Below are some documentaries and shorts on BJJ and capoeira.
UnderOath BJJ Presents: MITSUYO MAEDA: The Origin of BJJ
Biography Channel – Hélio Gracie – Documentary (Subtitles)
Grappling Fighting Team (GFT) short about Brazilian Jiu-Jitsu highlighting the Luiz França and Oswaldo Fadda lineage
Capoeira: The Art and Soul of Brazil
National Geographic Capoeira Documentary
Capoeira: Fly Away Beetle Trailer
Can a ritual born out of slavery become a modern day movement?
Capoeira, comprised of stylized dance and ritual combat takes its cue from the sacred music of the berimbau. Born from slavery and reborn on the modern streets of Brazil, Capoeira proceeds from the timeless urge for freedom. With stunning cinematography this feature length documentary film from BlueDot captures the ballet-like beauty of Capoeira while also exploring the history, myth and symbolism behind its graceful moves.

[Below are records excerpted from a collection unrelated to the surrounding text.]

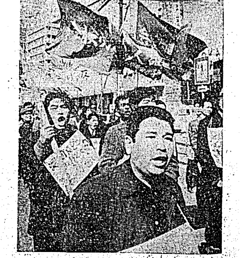
O acțiune largă revendicărilor a muncitorilor japonezi desfășurată recent pe tot cuprinsul insulelor nipone, cerîndu-se oprirea creșterii preturilor și mărirea salariilor. De pildă, la Tokio, 210.000 muncitori cu familiile lor au demonstrat pe străzile capitalei protestînd față de neîncredința ridicare a costului vieții. ÎN FOTOGRAFIE: Aspect de la demonstrația muncitorilor din Tokio.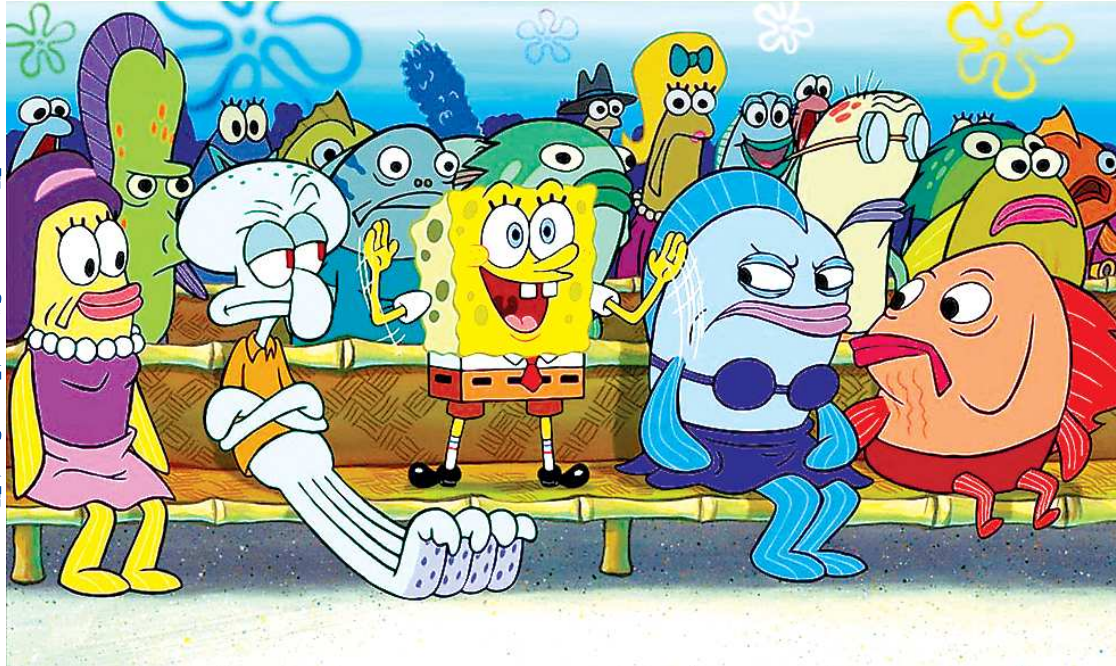
«Это чувство, когда во время контрольной ты вспомнил всё...»

Многие используют всем хорошо знакомый метод ассоциаций, когда слова или цифры сравниваются с хорошо знакомым предметом. Но тут следует опираться на индивидуальные особенности и свой тип памяти. Кто-то лучше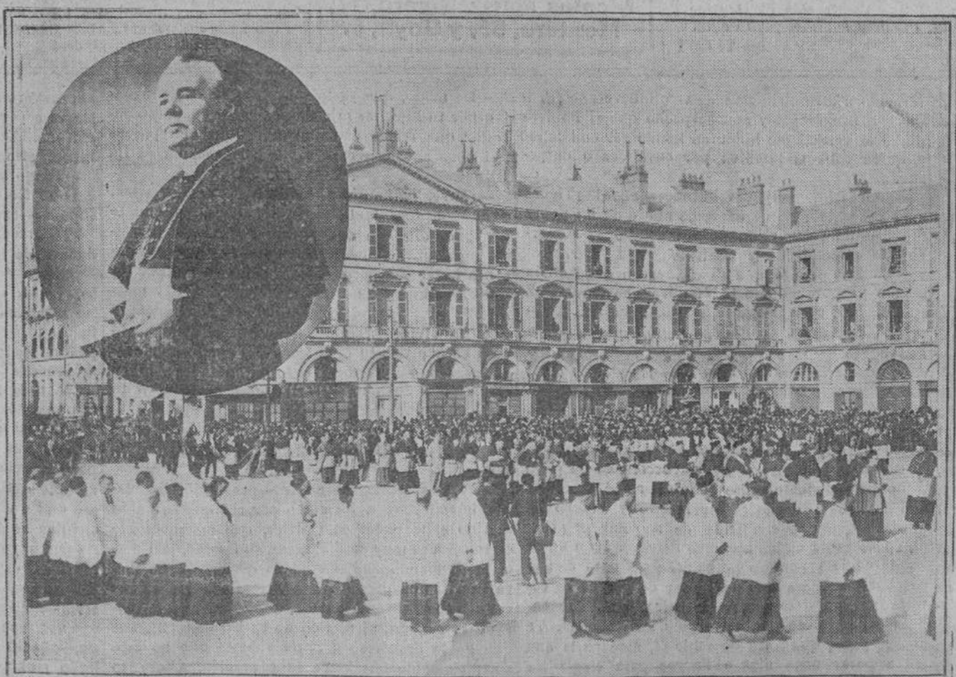
La comitiva fúnebre a su paso por la plaza de Santa Cruz de Orleans; la carroza va precedida de numerosos Cardenales y Obispos. Se calcula que asistieron al acto más de 50.000 personas. En el medallón, retrato del Cardenal Touchet.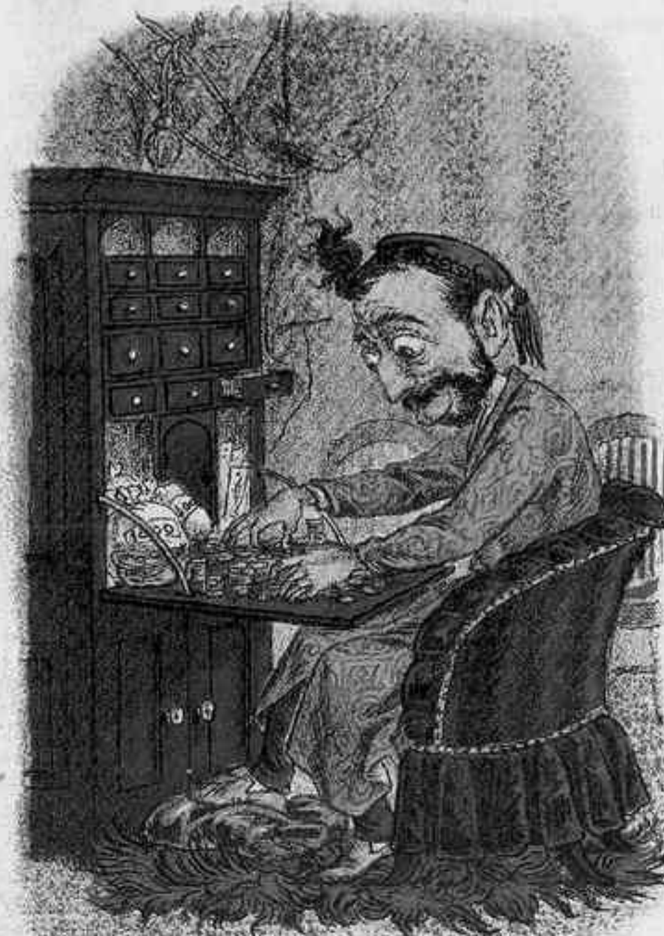
TRANSFIERE (SEAMOS CULTOS)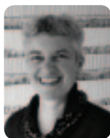
Artista Textil, diseñadora y fabricante

Through interviews, and exhibitions we follow the life of three renowned Capoeira Mestres from Salvador, Brazil; home to much of the art’s contentious history. We see how their work, together with that of their colleagues and students are bringing hope to their communities, and liberation and respect to a disenfranchised generation.
In order to better understand the present state of Capoeira the film traces it back to its African roots. In so doing, we encounter the African gods of Candomble (the indigenous animistic religion of Brazil), Christianity as well as the slavery from which Capoeira has emerged. We hear mythic stories of the legendary Besouro, (the flying capoeirista); as well as accounts of the historical man behind the tales. We meet a young student as she navigates the dangers of her neighborhood by turning to the art of Capoeira
Out of necessity one is thrown into the fight. Within the fight some learn to dance.